Taliter, qualiter; but one or two remarks on the incisive summary of this adroit and able theorist are obvious. First, the implied assertion,—"Ecclefechan had declared that the earth did not move,"—that Carlyle was in essential sympathy with the Inquisitors who confronted Galileo with the rack, is perhaps the strangest piece of recent criticism extant: for what is his French Revolution but a cannonade in three volumes, reverberating, as no other book has done, a hurricane of revolutionary thought and deed, a final storming of old fortresses, an assertion of the necessity of movement, progress, and upheaval? Secondly, every new discovery is apt to be discredited by new shibboleths, and one-sided exaggerations of its range. It were platitude to say that Mr. Darwin was not only an almost unrivalled student of nature, as careful and conscientious in his methods, as fearless in stating his results, but—pace Mr. Carlyle—a man of genius, who has thrown Hoods of light on the inter-relations of the organic world. But there are whole troops of serfs, "addicti jururo in verba magistri," who, accepting, without attempt or capacity to verify the conclusions of the master mind, think to solve all the mysteries of the universe by ejaculating the word "Evolution." If I ask what was the secret of Dante's or of Shakespeare's divining rod, and you answer "Evolution," 'tis as if, when sick in heart and sick in head, I were referred, as medicine for "a mind diseased," to Grimm's Law or to the Magnetic Belt.

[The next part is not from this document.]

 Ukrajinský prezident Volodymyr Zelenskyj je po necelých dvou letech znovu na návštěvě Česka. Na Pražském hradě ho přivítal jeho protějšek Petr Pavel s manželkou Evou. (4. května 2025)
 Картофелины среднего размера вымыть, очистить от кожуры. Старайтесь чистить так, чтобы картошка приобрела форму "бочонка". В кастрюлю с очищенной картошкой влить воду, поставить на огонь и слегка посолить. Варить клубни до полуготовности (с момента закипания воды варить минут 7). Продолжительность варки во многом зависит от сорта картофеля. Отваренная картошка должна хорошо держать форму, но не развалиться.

Let us grant that Cæsar was evolved from the currents in the air about the Roman Capitol, that Marcus Aurelius was a blend of Plato and Cleanthes, Charlemagne a graft of Frankish blood on Gallic soil, William I. a rill from Rollo filtered in Neustrian fields, Hildebrand a flame from the altar of the mediæval church, Barbarossa a plant grown to masterdom in German woods, or later—not to heap up figures whose memories still possess the world—that Columbus was a Genoan breeze, Bacon a réchauffé of Elizabethan thought, Orange the Silent a Dutch dyke, Chatham the frontispiece of eighteenth-century England, or Corsican Buonaparte the "armed soldier of Democracy." These men, at all events, were no bubbles on the froth of the waves which they defied and dominated.

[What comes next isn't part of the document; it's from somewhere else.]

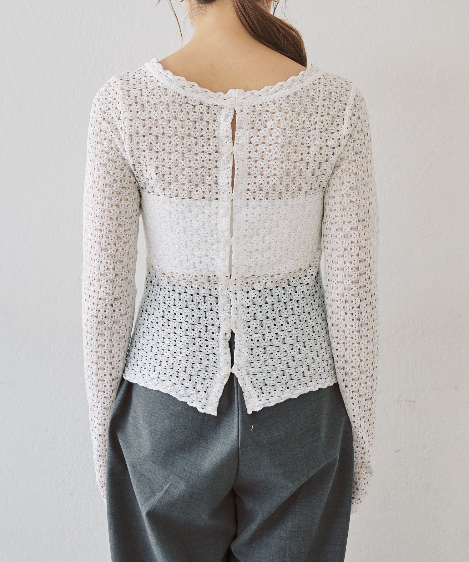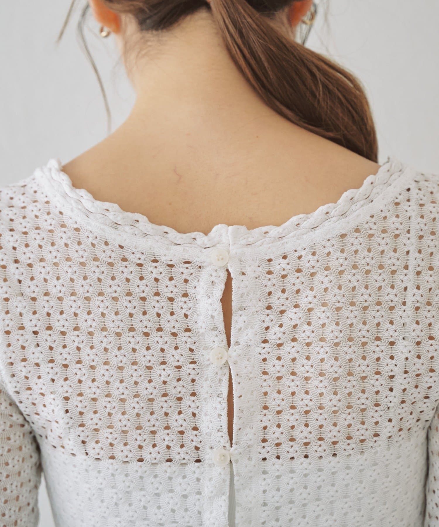 襟ぐりは顔回りがぐっと華やかに見えるスカラップデザイン。背面はボタン開きで前後2WAY で着用いただけます。
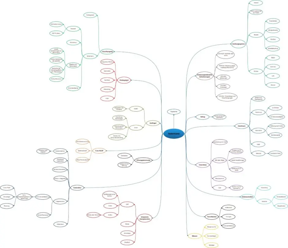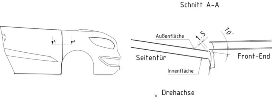 Zu Beginn des Projektes wurde eine Mind-Map erstellt, wobei alle relevanten Aspekte der Seitentüren dargestellt wurden. Es wurde eine Kinematikuntersuchung durchgeführt, um eine Scharnierdrehachse zu bestimmen, bei der eine kollisionsfreie Öffnung der Tür gewährleistet werden kann. Darauf aufbauend wurde die genaue Lage des Scharniers und des Doorbeams lokalisiert. In einer Ergonomieuntersuchung zum Ein- und Ausstieg konnten Rückschlüsse auf den benötigten Türöffnungswinkel gezogen werden. Mittels eines morphologischen Kastens und einer gewichteten Punktebewertung wurden Konzepte für die Scharnieranbindung erstellt.

So much, and more, is to be said for Carlyle's insistence that great men are creators as well as creatures of their age. Doubtless, as we advance in history, direct personal influence, happily or unhappily, declines. In an era of overwrought activity, of superficial, however free, education, when we run the risk of being associated into nothingness and criticised to death, it remains a question whether, in the interests of the highest civilisation (which means opportunity for every capable citizen to lead the highest life), the subordination of the one to the many ought to be accelerated or retarded. It is said that the triumph of Democracy is a mere "matter of time." But time is in this case of the essence of the matter, and the party of resistance will all the more earnestly maintain that the defenders should hold the forts till the invaders have become civilised. "The individual withers and the world is more and more," preludes, though over a long interval, the cynic comment of the second "Locksley Hall" on the "increasing purpose" of the age. At an earlier date "Luria" had protested against the arrogance of mere majorities.

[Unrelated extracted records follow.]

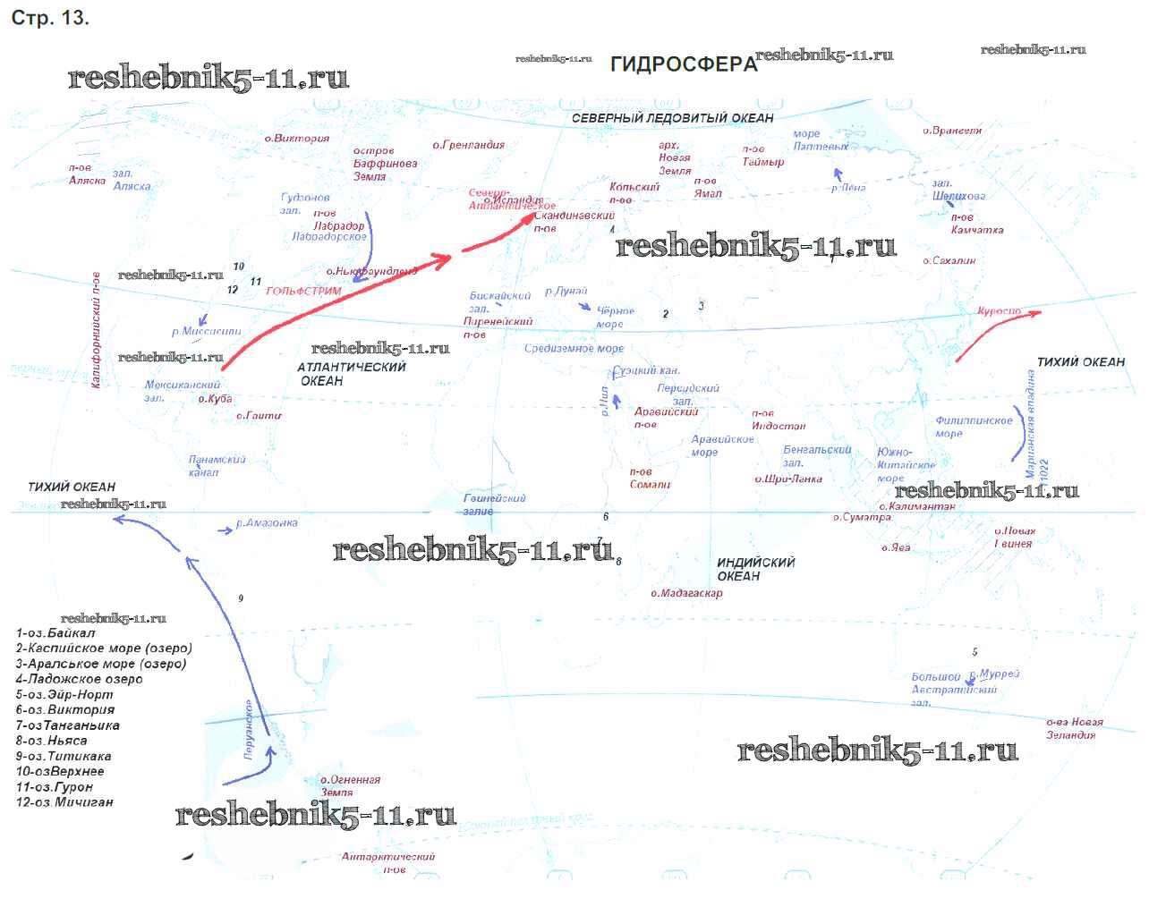 Готовая домашняя работа с ответами по Географии за 6 класс Душина, Летягин Контурные карты Аст/Астрель 2020 ФГОС - Страницы 13
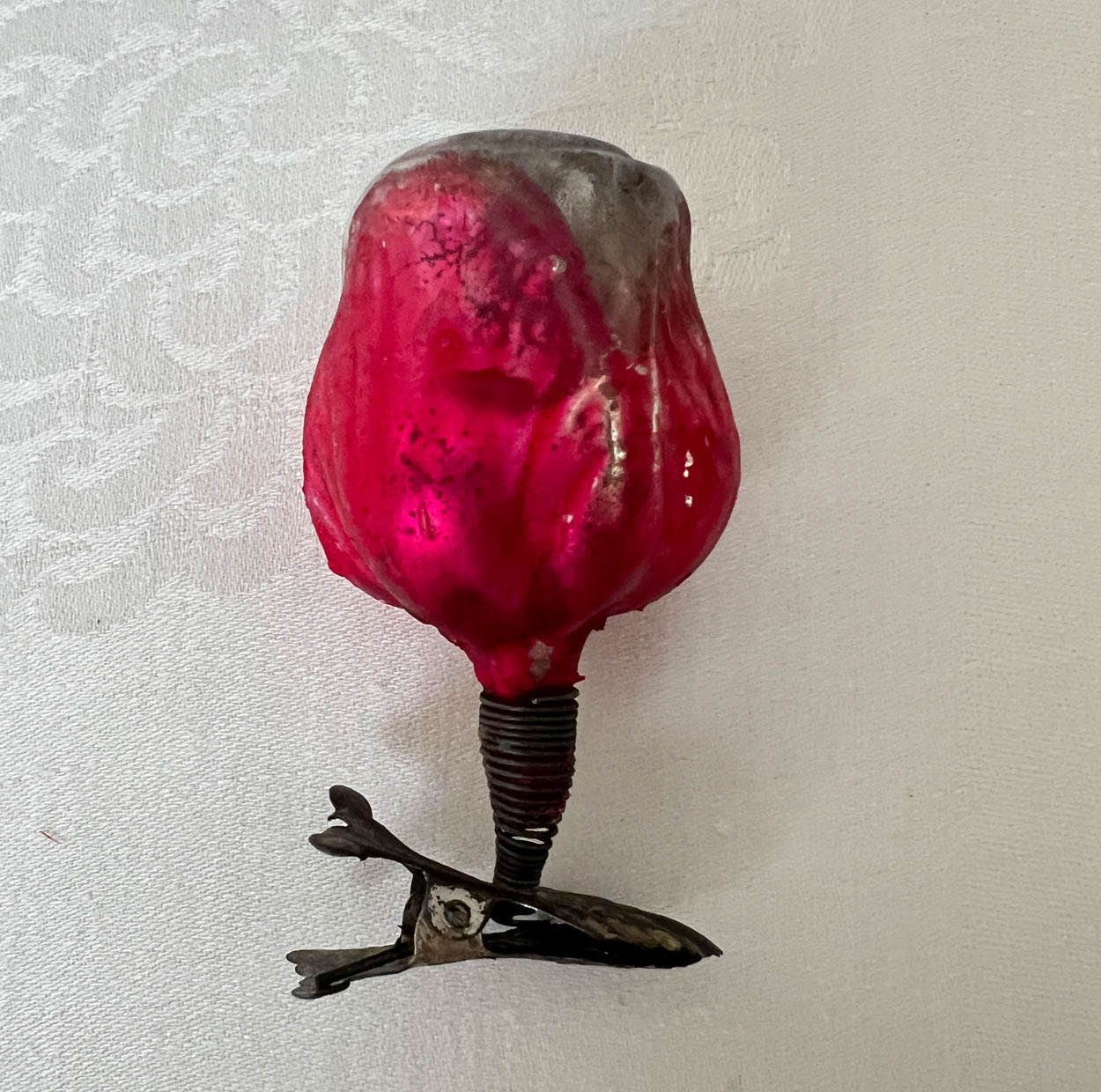 A beautiful early 1900s pink mercury glass rose clip ornament.
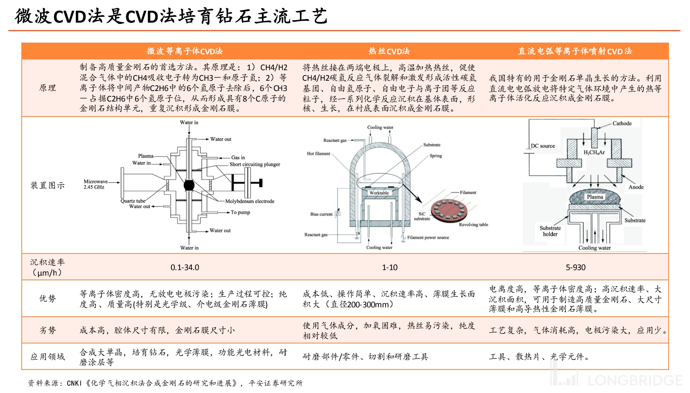 相比 HPHT,CVD 法生产出的钻石纯度更高,但是成本也更高,特种气体消耗大。

A people is but the attempt of many
To rise to the completer life of one;
And those who live as models to the mass
Are singly of more value than they all.

Carlyle set these notes to Tennyson and to Browning in his Hero-Worship—a creed, though in thought, and more in action, older than Buddha or than Achilles, which he first launched as a dogma on our times, clenching it with the asseveration that on two men, Mirabeau and Napoleon, mainly hung the fates of the most nominally levelling of Revolutions. The stamp his teaching made remains marked on the minds of the men of light who lead, and cannot be wholly effaced by the clamour of the men of words who orate. If he leans unduly to the exaltation of personal power, Carlyle is on the side of those whose defeat can be beneficent only if it be slow. Further to account for his attitude, we must refer to his life and to its surroundings, i.e. to the circumstances amid which he was "evolved."